■ What is expected: Repeat exactly, and only, the lines of the entries below from the one with "2013年9月9日出生于台湾" through the one with "The first decision", both ends included.

■ Saved data entries:
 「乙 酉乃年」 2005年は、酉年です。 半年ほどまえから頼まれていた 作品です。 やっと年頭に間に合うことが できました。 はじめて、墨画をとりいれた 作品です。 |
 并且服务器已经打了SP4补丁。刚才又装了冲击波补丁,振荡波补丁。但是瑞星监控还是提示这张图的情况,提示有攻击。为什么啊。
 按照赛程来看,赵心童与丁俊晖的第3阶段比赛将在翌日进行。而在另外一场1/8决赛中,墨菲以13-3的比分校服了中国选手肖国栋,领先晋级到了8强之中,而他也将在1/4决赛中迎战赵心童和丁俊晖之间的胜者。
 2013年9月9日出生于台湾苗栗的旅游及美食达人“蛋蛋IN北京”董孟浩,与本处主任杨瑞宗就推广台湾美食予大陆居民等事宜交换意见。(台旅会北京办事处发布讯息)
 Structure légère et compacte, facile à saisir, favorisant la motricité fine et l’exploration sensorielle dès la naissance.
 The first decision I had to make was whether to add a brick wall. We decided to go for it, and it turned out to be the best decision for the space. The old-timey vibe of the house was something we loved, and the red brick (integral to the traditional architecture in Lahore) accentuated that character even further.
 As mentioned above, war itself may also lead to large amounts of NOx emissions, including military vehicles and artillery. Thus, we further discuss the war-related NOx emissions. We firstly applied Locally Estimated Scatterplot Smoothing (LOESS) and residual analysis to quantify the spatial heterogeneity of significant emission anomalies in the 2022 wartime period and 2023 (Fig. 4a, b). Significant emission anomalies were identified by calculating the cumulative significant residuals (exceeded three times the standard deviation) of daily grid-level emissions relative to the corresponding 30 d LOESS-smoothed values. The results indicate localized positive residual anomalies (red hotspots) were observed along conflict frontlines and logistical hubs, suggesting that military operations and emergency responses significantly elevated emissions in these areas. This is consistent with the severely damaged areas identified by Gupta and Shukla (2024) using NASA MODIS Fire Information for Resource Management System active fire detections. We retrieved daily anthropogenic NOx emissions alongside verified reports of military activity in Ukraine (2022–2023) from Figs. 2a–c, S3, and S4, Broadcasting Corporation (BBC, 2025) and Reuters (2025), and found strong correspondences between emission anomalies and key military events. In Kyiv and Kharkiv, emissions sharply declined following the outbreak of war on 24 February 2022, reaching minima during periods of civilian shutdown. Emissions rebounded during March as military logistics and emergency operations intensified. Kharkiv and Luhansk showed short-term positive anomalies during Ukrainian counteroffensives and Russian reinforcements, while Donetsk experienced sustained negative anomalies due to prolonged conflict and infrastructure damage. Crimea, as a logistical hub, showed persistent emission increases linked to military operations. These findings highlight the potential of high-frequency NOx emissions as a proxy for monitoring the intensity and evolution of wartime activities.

■ Exercise solution:
 2013年9月9日出生于台湾苗栗的旅游及美食达人“蛋蛋IN北京”董孟浩,与本处主任杨瑞宗就推广台湾美食予大陆居民等事宜交换意见。(台旅会北京办事处发布讯息)
 Structure légère et compacte, facile à saisir, favorisant la motricité fine et l’exploration sensorielle dès la naissance.
 The first decision I had to make was whether to add a brick wall. We decided to go for it, and it turned out to be the best decision for the space. The old-timey vibe of the house was something we loved, and the red brick (integral to the traditional architecture in Lahore) accentuated that character even further.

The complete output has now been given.